インコグニート(Incognito)は、モーリシャス生まれ(1957年2月生まれ)のジャン・ポール“ブルーイ”モーニック(Jean-Paul“Bluey”Maunick)によるソロ・プロジェクトである。その歴史は古く、結成は1980年。イギリスのジャズ・ファンク界を背負ってきたチームだった。
1978年、ブルーイはライト・オブ・ザ・ワールド(Light of the World)というグループに所属していた。このジャズ・ファンク・バンドのツアー中、事故でメンバーを失ったことをきっかけに脱退。その後、フリーズ(Freeez)というバンドの結成に立ち会うが、ポップ志向が強すぎて脱退。そして、ようやく元ライト・オブ・ザ・ワールドのメンバーであったピーター・ハインズ(Peter“Stepper”Hinds)とポール・ウィリアムス( Paul“Tubbs”Williams)とインコグニート結成に至るのである。
1st『Jazz Funk』を発表し、全英28位を記録する。しかし、レコード会社から「もっとポップなものを」と要求され、またしてもバンドは休止する。その後、ポールはフィンランドへ移住。だんだんとインコグニートの存在も忘れられて行く…。
ところが約10年後、グループは息を吹きかえす。ロンドンでクラブDJをしていたジャイルス・ピーターソン(Gilles Peterson)が“トーキン・ラウド(Talkin' Loud)”なるレーベルを立ち上げるのだ。インコグニートのファンであった彼は、第1号アーティストとして迎え、2nd『Inside Life』をリリース。「Always There」が大ヒット(UKチャート6位)する。続く3rd『Tribes,Vibes and Scribes』からは、スティービーのカヴァー「Don't You Worry 'bout A Thing」、4th『Positivity』からは「still A Friend Of Mine」が立て続けにヒット。確固たる地位を築き上げる。

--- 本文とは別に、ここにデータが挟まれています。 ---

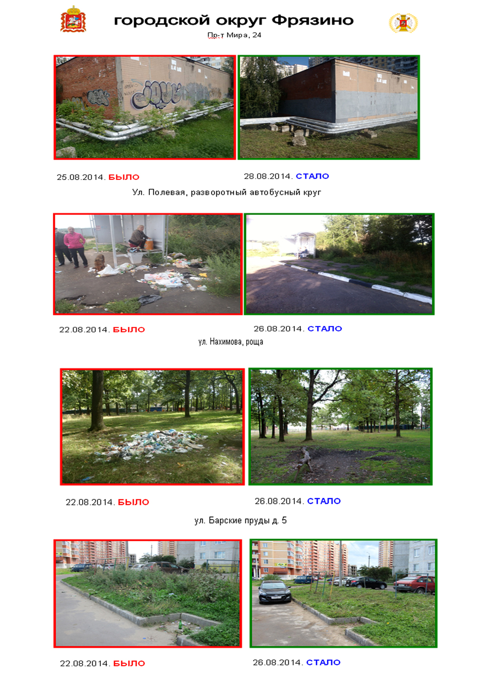 В результате проделанной работы в порядок приведен 1081 объект. В их число входят 221 торговый объект, более 190 площадей, улиц и полос отвода автомобильных дорог, свыше 200 дворов, почти 100 фасадов нежилых зданий и строений, около 50 мест проведения земляных и ремонтных работ и 47 строительных площадок, 114 мест отдыха и общественного пользования, более 30 объектов наземных линий коммуникаций, свыше 70 территорий предприятий промышленности, порядка 40 подъездных путей и 13 иных объектов, так же находящихся в сфере контроля Госадмтехнадзора Московской области.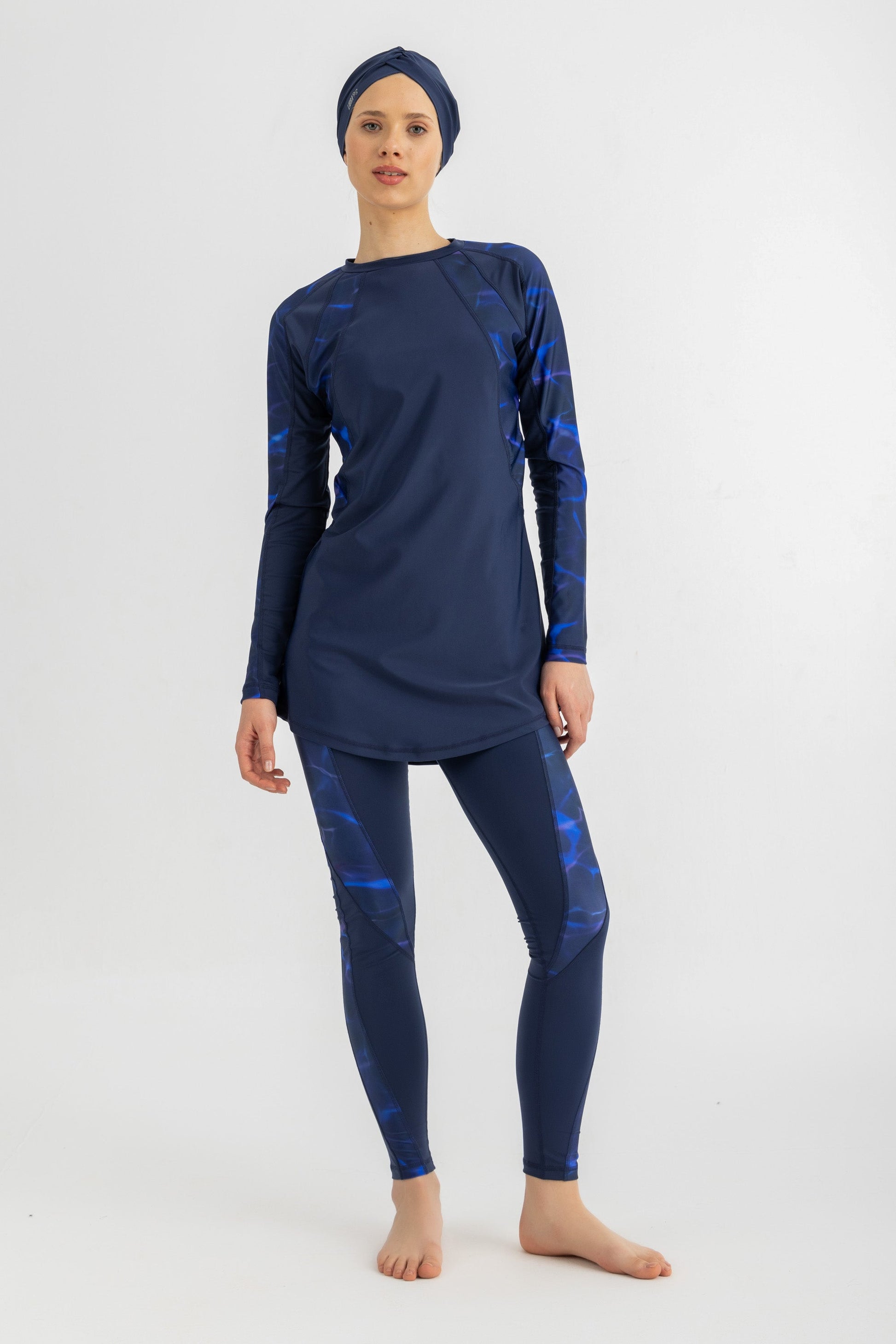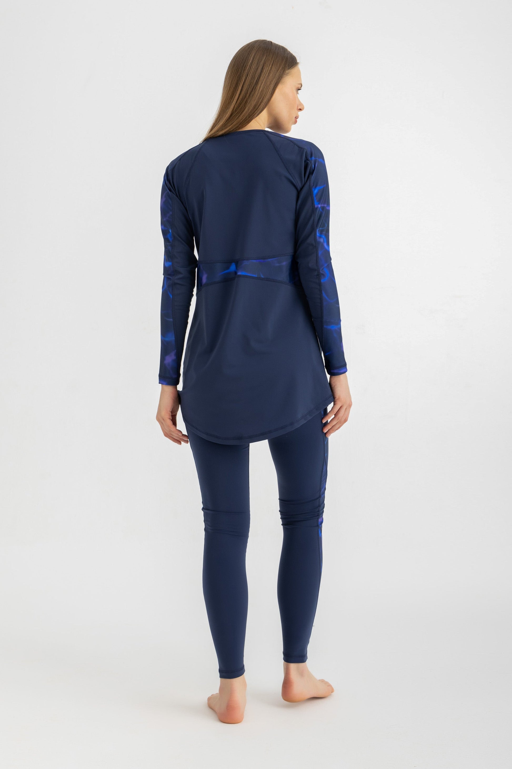- Top Design & Fit: Long-sleeve swim tunic with contrast palm-print panels; slim yet modest fit

95年の5th『100°and Rising』には、3rdから参加していたヴォーカリストのメイザ・リーク(Maysa Leak)は不参加だったが、ヴォーカル・オリエンテッドな作品を仕上げる。6th『Beneath The Surface』ではメイザがカムバックし、さらに深いヴォーカルを楽しめる。99年の7th『No Time Like The Future』では、ディアンジェロ(D’Angelo)のライヴに影響されたブルーイが、出来上がり寸前だった作品を一から作り直し、生音のグルーヴにこだわった。
21世紀に入っても活動は活発で、まずは初期ジャズ・ファンクを彷彿とさせる8th『Life,Stranger Than Fiction』、多彩なボーカリストを迎えた9th、『Who Needs Love』三度カムバックしたメイザのヴォーカルが炸裂する10th『Adventures In Black Sunshine』と様々な角度からの作品を届けてくれる。
05年には11th『Eleven』を発表。メイザの他に、イマーニ(Imaani Saleem)も迎えてさらにパワーアップした姿を見せてくれた。以降さまざまなアーティストたちと共演。今日までコンスタントに作品を出し続け、2014年現在では16th『Amplified Soul』 が最新作となる。
ちなみにインコグニートとは別にソロ作を発表したり、多数のプロデュースをこなしたりと、ミュージシャンの中でも多忙な人であるブルーイ。そのような中、初期から頻繁に来日。東名阪のほかに、福岡にも足を延ばしてくれることが嬉しく思う。ライブ会場にも一般席から入ってきたりと、非常に親しみやすい人柄を覗かせるのであった。